E-mail:estelleb@tact.touro.edu



          Estelle Breines, PhD, OTR, FAOTA is Professor and Chair, Programs in Occupational Therapy and Occupational Therapy Assistant, and is the Assistant to the Dean of Health Sciences at Touro College in New York City. She has held faculty appointments at New York University, Dominican College in Blauvelt, NY, and Union County College in Union, NJ. She has taught at the Associate, Bachelors, Masters and Doctoral degree levels.

          Dr. Breines has published and lectured widely throughout the United States as well as in many other countries. Dr. Breines' primary research interests are in the history and philosophy of occupational therapy, adult perceptual development, functional assessment and therapeutic occupation.

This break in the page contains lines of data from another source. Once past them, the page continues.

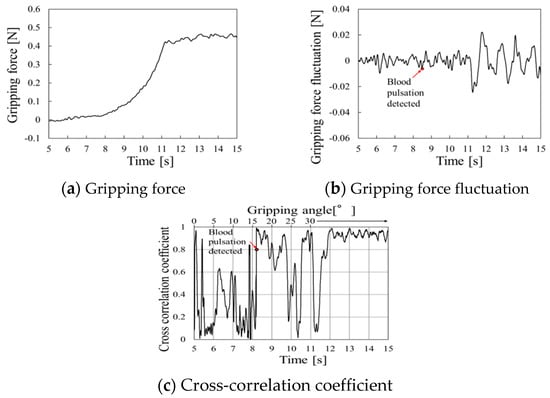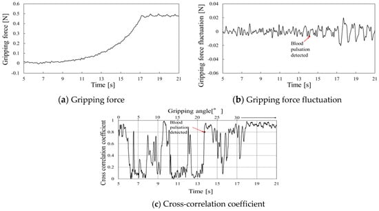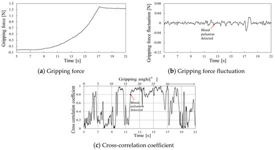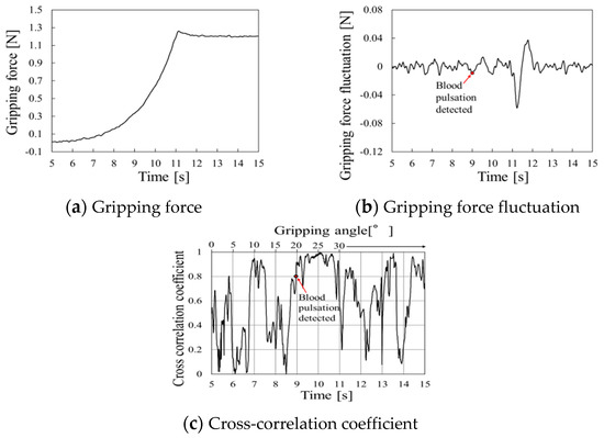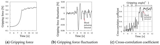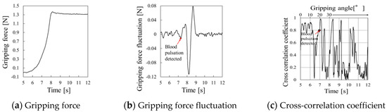 Periodic waveforms caused by pulse pressure are shown in gripping force fluctuations from 12 to 17 s in Figure 17b. Periodic waveform disappeared after 17 s because the pulsation disappeared when the gripping angle reaches 30° in the case of silicone rubber, as shown in Section 4. Moreover, the cross-correlation coefficient remained high from 12 to 16 s (Figure 17c). This period was considered as the pulse-detected time.
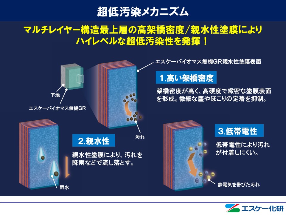 本製品はマルチレイヤー構造の最上層の高架橋密度の親水性塗膜表面により優れた超低汚染性を発揮します。
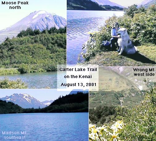 | We camped overnight about 30 miles from Seward, at the Carter Lake trailhead, and hiked that trail the next day. It was a very nice climb of about 1000', over 2.5 miles or so. The lake was very beautiful, nestled into a pass, surrounded by mountaintops. |
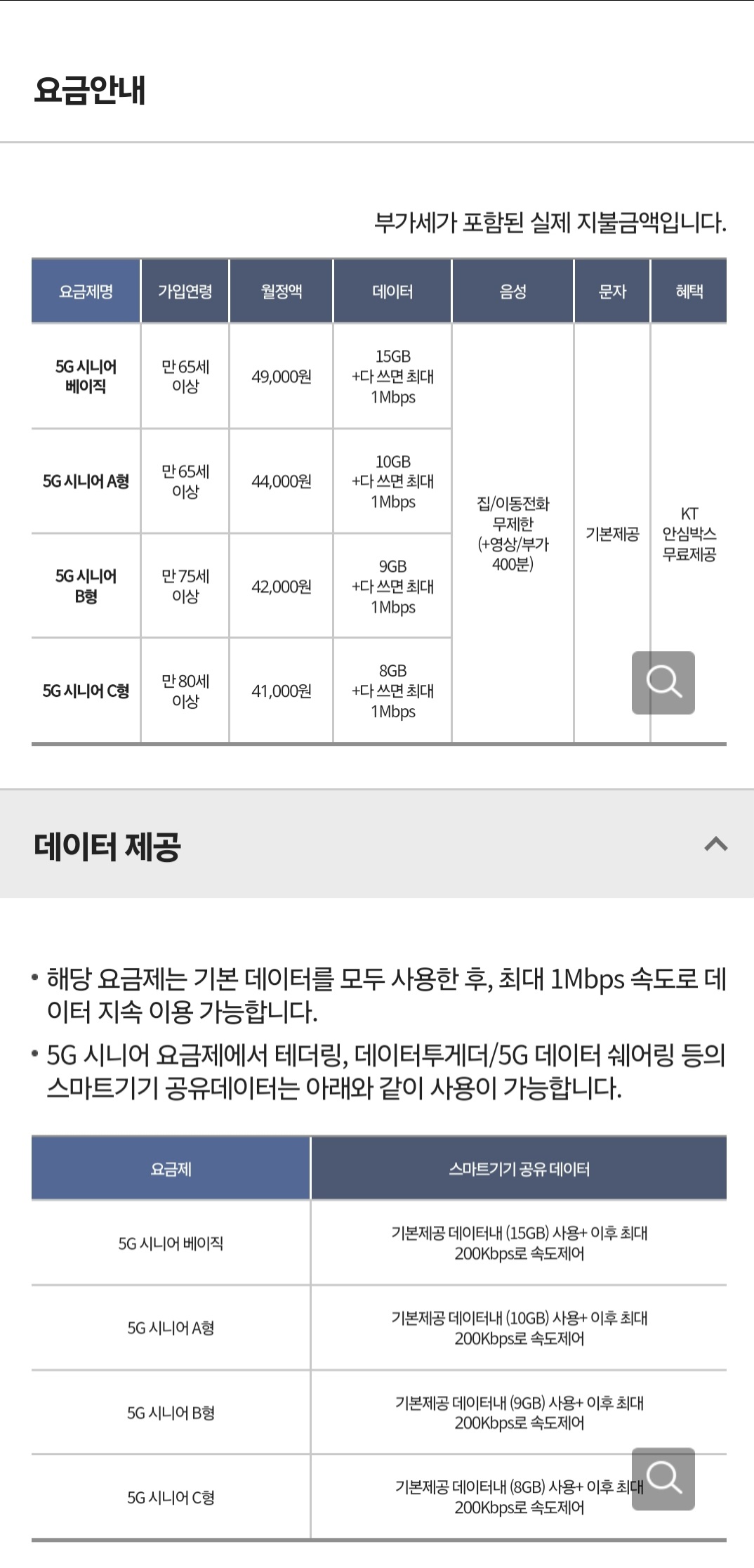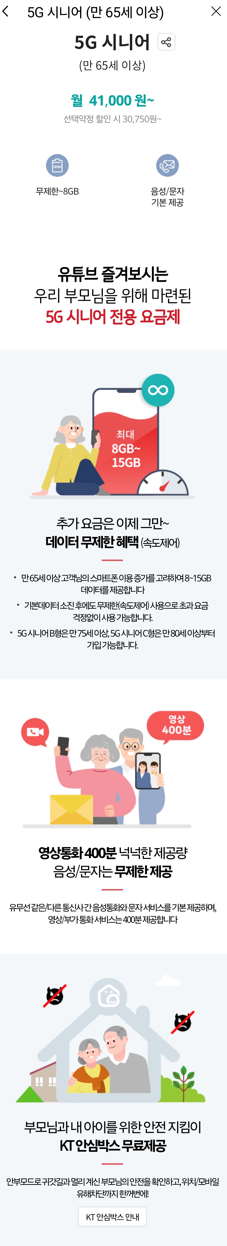 KT 5G 시니어 (만 65세 이상) 요금제 월 41,000 원~ (선택약정 할인 시 30,750원~) 본문

           For the past several years, Dr. Breines has written a monthly column entitled "Activity Notebook" for Merion Publications' Advance for Occupational Therapists, in which many ideas about activity and their use in therapy have been discussed. A list of these articles as well as Dr. Breines' other publications are available here. In essence, these articles focus on the following ideas: Occupational therapy uses active occupation to heal and teach, using self-directed action in tasks related to work, play, leisure and self care. Unfortunately, many tasks in which OTs engage their patients are viewed widely as mundane, ordinary, simple. In reality, however, they are only simple and ordinary when one is skilled at them. For the people we treat, the ordinary is not simple. Learning even the simplest tasks requires concentration, dexterity and will. Unfortunately, these important qualities are the very ones many of our patients are missing. Becoming skilled at activity, and skilled at its analysis and its therapeutic use, are fundamental for OTs. This web site is designed to provide a forum for occupational therapists and occupational therapy assistants to explore the meaningfulness of active occupations, and their use as therapeutic tools.